Wang Chun, Chen Ming-Hui, Wu Jing, Yan Jun, Zhang Yuping, Schifano Elizabeth
Liberty Mutual Insurance, Boston, MA, USA.
Department of Statistics, University of Connecticut, Storrs, CT, USA.
Can J Stat. 2018 Mar;46(1):123-146. doi: 10.1002/cjs.11330. Epub 2017 Aug 9.

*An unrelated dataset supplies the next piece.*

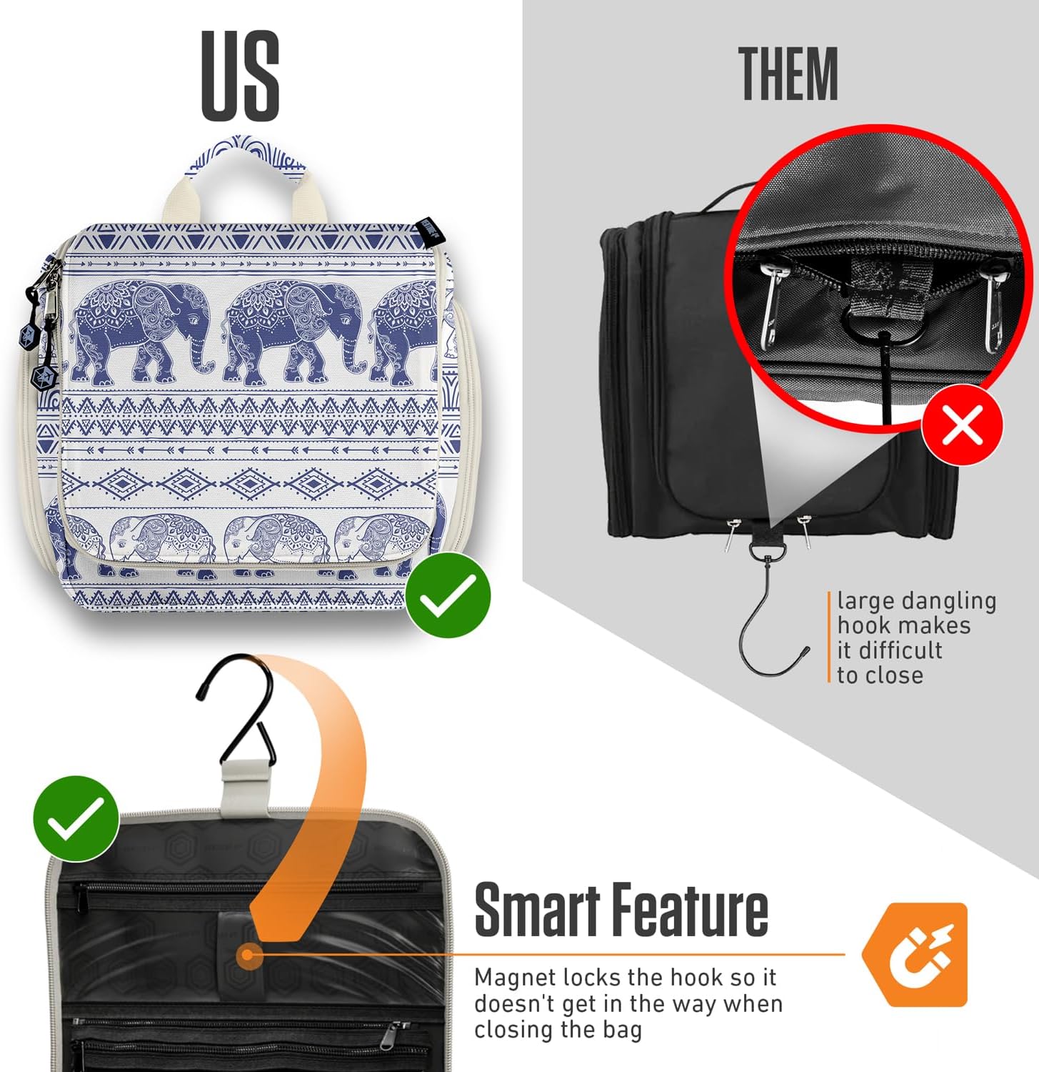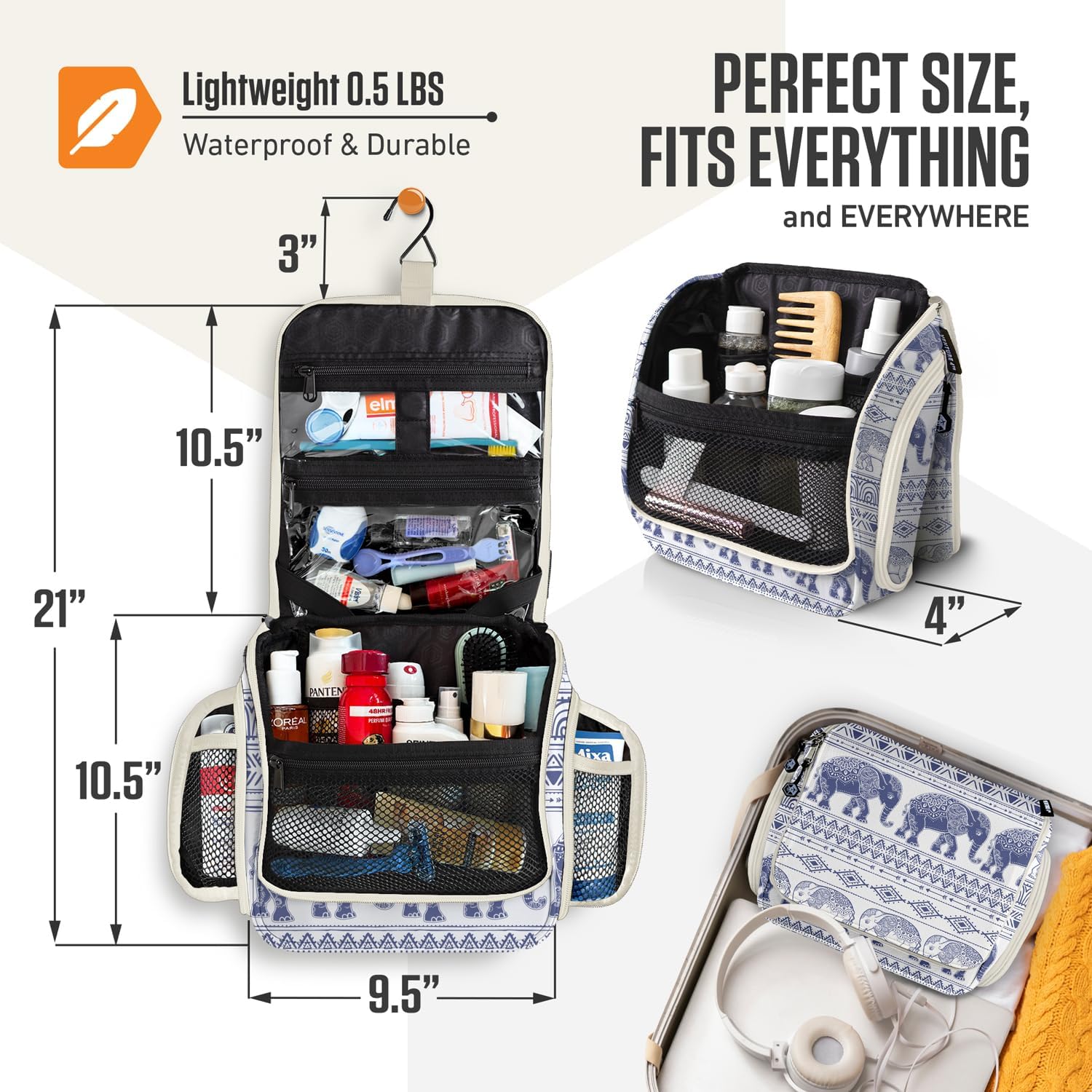 VENTURE 4TH Hanging Travel Toiletry Bag for Women & Men - Travel Organizer with Expandable Compartments & Removable Clear Pouch for Toiletries (Blue Elephant)

For big data arriving in streams, online updating is an important statistical method that breaks the storage barrier and the computational barrier under certain circumstances. In the regression context, online updating algorithms assume that the set of predictor variables does not change, and consequently cannot incorporate new variables that may become available midway through the data stream. A naive approach would be to discard all previous information and start updating with new variables from scratch. We propose a method that utilizes the information from earlier data in the online updating algorithm with bias corrections to improve efficiency. The method is developed for linear models first, and then extended to estimating equations for generalized linear models. Closed-form expressions for the efficiency gain over the naive approach are derived in a particular linear model setting. We compare the performance of our proposed bias-correcting approach and the naive approach in simulation studies with data generated from a normal linear model and a logistic regression model. The method is applied to a study on airline delay, where reasons for delays were only available more recently, starting in 2003.
对于以流形式到达的大数据,在线更新是一种重要的统计方法,在某些情况下它打破了存储障碍和计算障碍。在回归背景下,在线更新算法假定预测变量集不变,因此无法纳入可能在数据流中途变得可用的新变量。一种简单的方法是丢弃所有先前的信息,然后从头开始用新变量进行更新。我们提出一种方法,该方法在在线更新算法中利用早期数据的信息并进行偏差校正以提高效率。该方法首先针对线性模型开发,然后扩展到广义线性模型的估计方程。在特定的线性模型设置中,推导了相对于简单方法效率提升的闭式表达式。在模拟研究中,我们将所提出的偏差校正方法和简单方法的性能与从正态线性模型和逻辑回归模型生成的数据进行了比较。该方法应用于一项关于航班延误的研究,在该研究中,延误原因直到2003年才开始有更多数据可用。